Things to consider when buying a renovation property

🕑 6 minute read

Getting a mortgage on a renovation property

Whether you’re a first-time buyer or an experienced investor well up the property ladder, buying a “fixer-upper” may be a tempting prospect.

However, it’s worth considering that a house renovation mortgage isn’t the same as an ordinary mortgage, and there are other factors to consider before you sign up for one. There’s a lot of pros and cons to renovation, from cost to workload, to the potential gains.

You may pay less for a house renovation mortgage, but you need to think it through carefully when the risks are potentially higher and could result in extra costs.

Here, we’ll look at what you need to do to get a renovation mortgage, how they compare to a standard mortgage, and the potential problems that can happen when “flipping a home”.

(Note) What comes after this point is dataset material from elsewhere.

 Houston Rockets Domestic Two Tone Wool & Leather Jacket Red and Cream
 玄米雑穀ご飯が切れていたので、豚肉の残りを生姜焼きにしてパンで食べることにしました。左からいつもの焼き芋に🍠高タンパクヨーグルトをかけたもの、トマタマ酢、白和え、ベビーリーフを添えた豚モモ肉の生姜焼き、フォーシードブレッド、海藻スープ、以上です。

How to get a mortgage on a "fixer upper"

House renovation mortgages are different to a normal mortgage. The main difference is that you’ll borrow both the money for the property and the cash to perform the renovations.

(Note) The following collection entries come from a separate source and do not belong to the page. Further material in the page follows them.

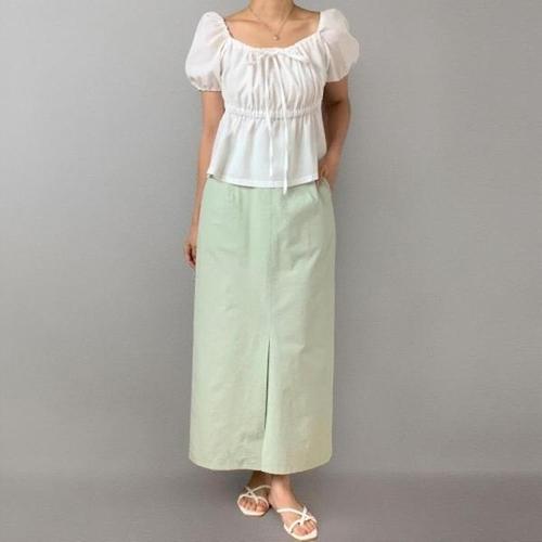 [신상오픈런]|KMH4178|여성 코튼 셔링 스트랩 오프숄더 반팔 블라우스_23330368_597559
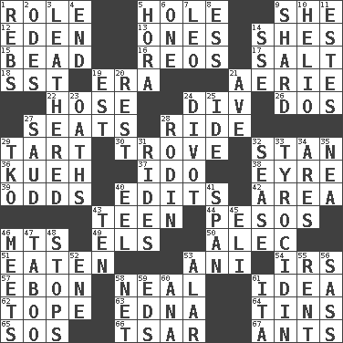 ACROSS 1. Hero or heavy, e.g. 5. Opening into or through something 9. A female animal or person 12. Paradise 13. Singles 14. "______ My Girl" (Turtles hit) 15. Necklace unit 16. Vintage cars 17. Table seasoning 18. Fast jet (abbr.) 19. Epoch 21. Nest on high 22. Flexible conduit 24. HTML Container Element 26. Two (Sp.) 27. Theater features 28. Travel on or in a vehicle 29. Small pie 30. Collection of objects 32. Comedian Laurel of Laurel & Hardy 36. Malaysian steamed pastry 37. Wedding promise 38. Jane of fiction 39. Probability 40. Proofreads 42. Type of rug 43. Adolescent 44. Mexican monetary units 46. Mountains (abbr.) 49. Raised railways 50. Actor Baldwin 51. Ingested 53. Black tropical American cuckoo 54. Big collection agency 57. Inky black, to poets 58. Be tempered by heat 61. It may be bright or harebrained 62. Drink excessively 63. Pulitzer Prize-winning author Ferber 64. Metal containers 65. Distress signal 66. Russian ruler of old 67. Pismires DOWN 1. Confederate soldiers (slang) 2. Lyric poems 3. Resembling or made to resemble leather 4. Conclusion 5. Israeli folk dance 6. Single 7. Lion 8. Double-curved letter 9. Broken piece 10. Sun: prefix 11. _____ Park, CO 14. Compass dir. 19. Eastern Standard Time (abbr.) 20. State of inaction 21. "___ Maria" 23. Profane or obscene expressions 24. A piece of turf (Scot.) 25. Binary compound 27. Saudi Arabian king (1953-1964) 28. "The Thinker" sculptor 29. Ring climax 31. Amusement-park features 32. Gospel singer Marvin 33. Polypeptide antibiotic 34. Ancient Greek god of war 35. Teachers' org. 40. Snakelike fish 41. Connect, as a bridge 43. "___ Little Indians" 45. Biblical high priest 46. Confronts 47. Off limits 48. Closes up, plugs up 52. Compass dir. 53. Having or resembling wings 55. Monthly bill 56. Backtalk 58. Fish or hair follower 59. Begley and Asner 60. Santa ___, CA 61. Call ___ day
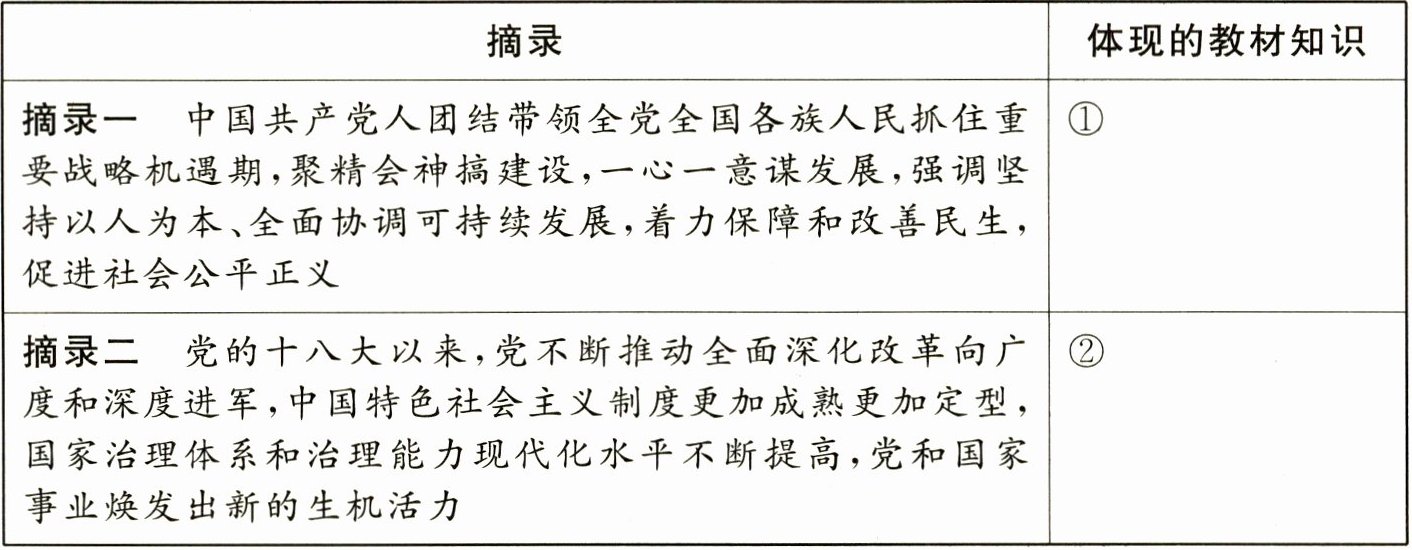 |摘录二 党的十八大以来,党不断推动全面深化改革向广度和深度进军,中国特色社会主义制度更加成熟更加定型,国家治理体系和治理能力现代化水平不断提高,党和国家事业焕发出新的生机活力|②|

How easy it is to find a mortgage will be largely dependent on the condition of the property you may want to renovate. There are some checks you might want to perform on the building before you decide to get to work. 

The majority of high-street banks and mortgage lenders won't offer mortgages if:

  • The property is derelict, due to neglect, for example
  • The building is uninhabitable, such as having no functioning bathroom or kitchen
  • A conversion is needed

Be prepared for lenders to run more checks than with a standard mortgage – they want to feel assured the work required isn’t risky for them.

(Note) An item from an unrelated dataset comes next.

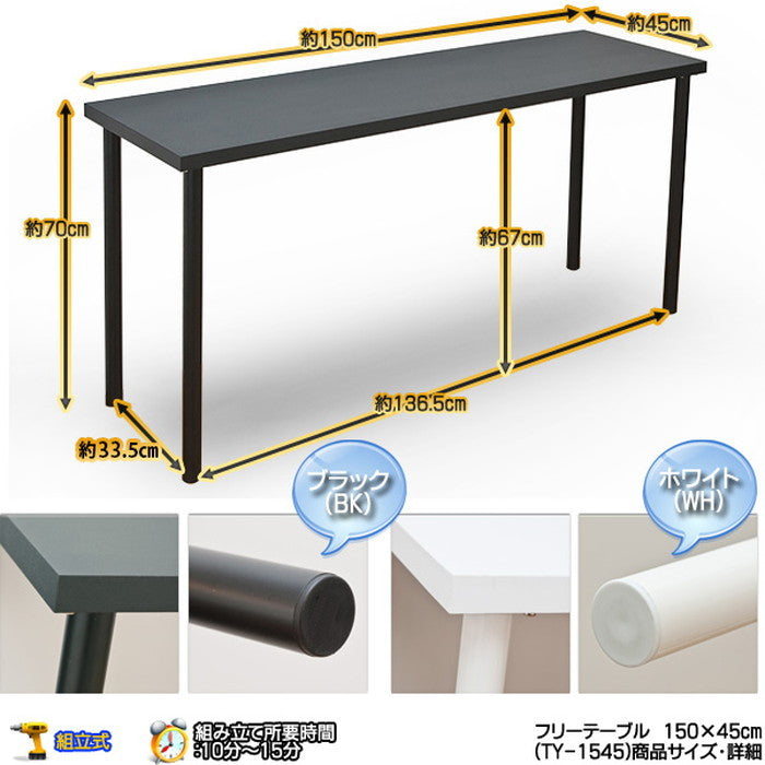 フリーテーブル 150×45 BK/WH ブラック ホワイト sk-ty1545 店舗 カフェ ラウンジ ロビー ホテル 法人 文机 デスク 北欧 モダン 家具 インテリア ナチュラル テイスト 新生活 オススメ おしゃれ
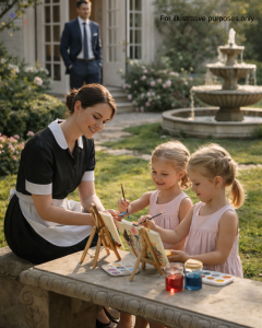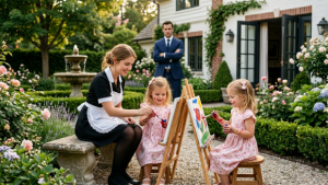 Lila had been hired three months earlier as a housekeeper. She was twenty-three, quiet, respectful, and dependable. Owen knew she worked hard and spoke gently, but he had never imagined seeing her outside, sleeves rolled up, teaching his daughters how to mix colors on paper plates.

Extra considerations with a renovation mortgage

If the building is habitable but needs work, a lender may not lend the full amount. They may withhold some funds, known as retention, until essential repairs are completed. The property may need to be re-assessed before the remainder of the funds are released.

There are a lot of potential risks and complications with a renovation mortgage, not to mention the costs involved. It pays to have a contingency in place. As a renovation project can throw up many unforeseen challenges, the more money you have on standby, the better.

What else to consider when buying a renovation property

Unexpected costs

From the outset, it’s important to set yourself a realistic budget. People often end up spending twice as much as they bargained for. We suggest you tack on at least an extra 20% for those unforeseen issues that will inevitably spring up.

Although a property that needs doing up will be cheaper to buy initially, consider whether you have enough funds to cover major improvements. You may just want to put in a new kitchen and bathroom, but once you start ripping out the old fixtures and fittings you can find anything from rotten floor joists to damaged brickwork.

Planning permission

Check how easy it will be to get planning permission for the house. If you want to make extensive changes or you’re thinking of buying a listed building, you’ll need consent from your local authority. Once your application has been submitted, it could take up to 12 weeks for the council to make a decision. This allows for neighbours to have their say.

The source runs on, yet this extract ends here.